Associate Professor of Anthropology Christine Walley has been awarded the CLR James Award for Best Book, from the Working-Class Studies Association, for "Exit Zero: Family and Class in Postindustrial Chicago" (University of Chicago Press, 2013).
The mission of the Working-Class Studies Association is to develop and promote multiple forms of scholarship, teaching, and activism related to working-class life and cultures.
"Exit Zero" explores the effects of deindustrialization on Chicago workers and their families. Both an ethnographic study and a personal narrative, the book details the experiences of Walley’s father and thousands of others who lost their jobs during the 1980s, when Chicago’s long-vibrant steel industry abruptly collapsed.

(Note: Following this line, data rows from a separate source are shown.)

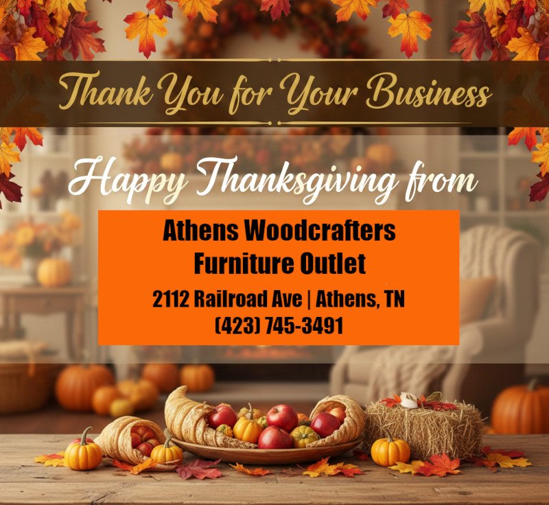 In a time when it can be hard to find what you like, be able to buy it and take it home immediately or have it delivered, you can be happy knowing that Athens Woodcrafters Furniture Outlet has 13,000 square feet of New & Pre-owned Furniture in stock and ready for you to take home. Also, we are your Rustic Furniture Headquarters for Athens, TN and surrounding areas. And we are open 7 days a week nearly year round. The only exceptions are major holidays like Thanksgiving and Christmas.
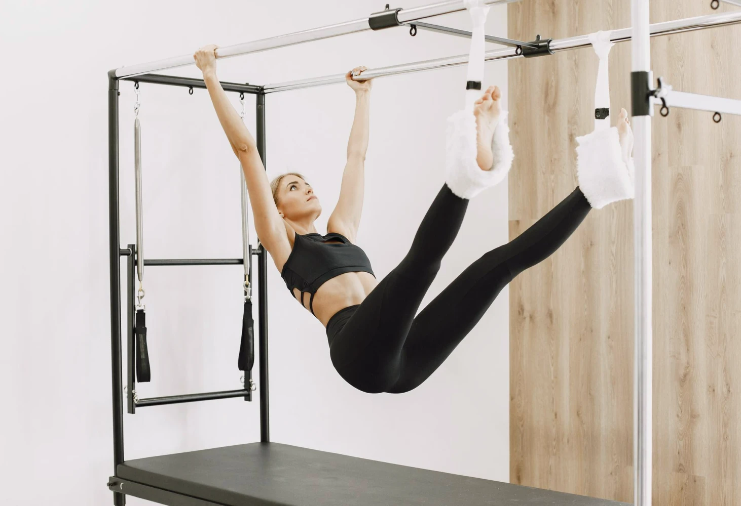Molas, barras e trapézio ajustam-se a qualquer objetivo. O Cadillac permite desde assistência total para iniciantes até desafios extremos para atletas avançados com precisão absoluta.
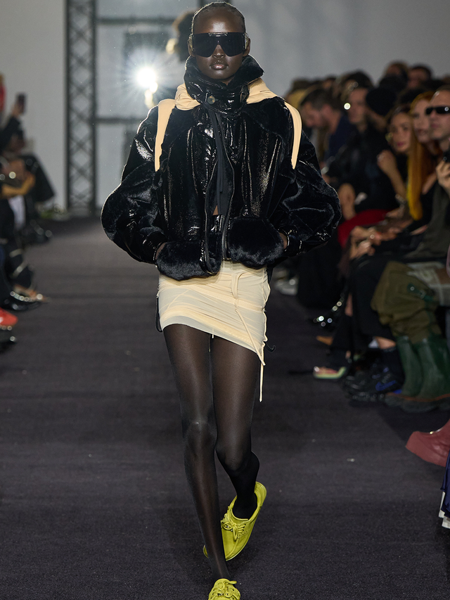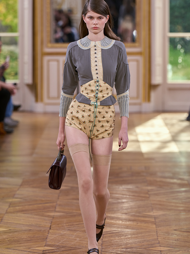 개인적으로 이번 시즌 가장 매혹적인 룩 중 하나. 정교한 레이스 칼라와 빈티지한 장미 패턴의 마이크로 쇼츠. 자칫 난해해 보일 수 있는 요소들이 모여 묘하게 서정적이면서도 반항적인 펑크 무드를 완성한다. 곳곳에 숨겨진 정교한 디테일을 발견하는 재미가 쏠쏠한데, 이는 브랜드 특유의 퇴폐적인 럭셔리함을 여실히 보여준다.

In a 2013 MIT News feature about the book, Peter Dizikes wrote: "Walley also builds an argument that rapid deindustrialization in the United States was not simply the result of seemingly inevitable shifts in the global economy, but a consequence of corporate-friendly policies, and a new emphasis on raising short-term share prices, that pitted the interests of management against the long-term interests of companies and their workers. 'If you really want to understand why there is this expanding class inequality in the United States, one of the places you have to look is the long-term impact of deindustrialization,' Walley says. 'We have to think historically about how we got into this position and how we can come out of it.'"
In November 2013, Walley's book was also awarded second place in the juried competition for the Victor Turner Prize for Ethnographic Writing. Awarded by the Society for Humanistic Anthropology, the Victor Turner Prize honors an innovative book that furthers the goals of the late Victor Turner, who devoted his career to seeking a language that would reopen anthropology to the human subject.
Film and interactive website based on the "Exit Zero" book
In addition to the book, Walley worked with filmmaker Chris Boebel to create a documentary film centered on the human, economic, and environmental devastation left behind in the southeast Chicago region.
Currently, Walley is working on an associated interactive website project, for which she has been awarded a preservation and access grant from the National Endowment for the Humanities through its Humanities Collection Program. The website is being created in conjunction with the Southeast Chicago Historical Museum, and has an advisory board that includes representatives from the Field Museum and the Chicago History Museum.
Walley will receive the CLR James Award officially on June 6 at the Working-Class Studies Association's "How Class Works" conference, which will take place in Stony Brook, N.Y.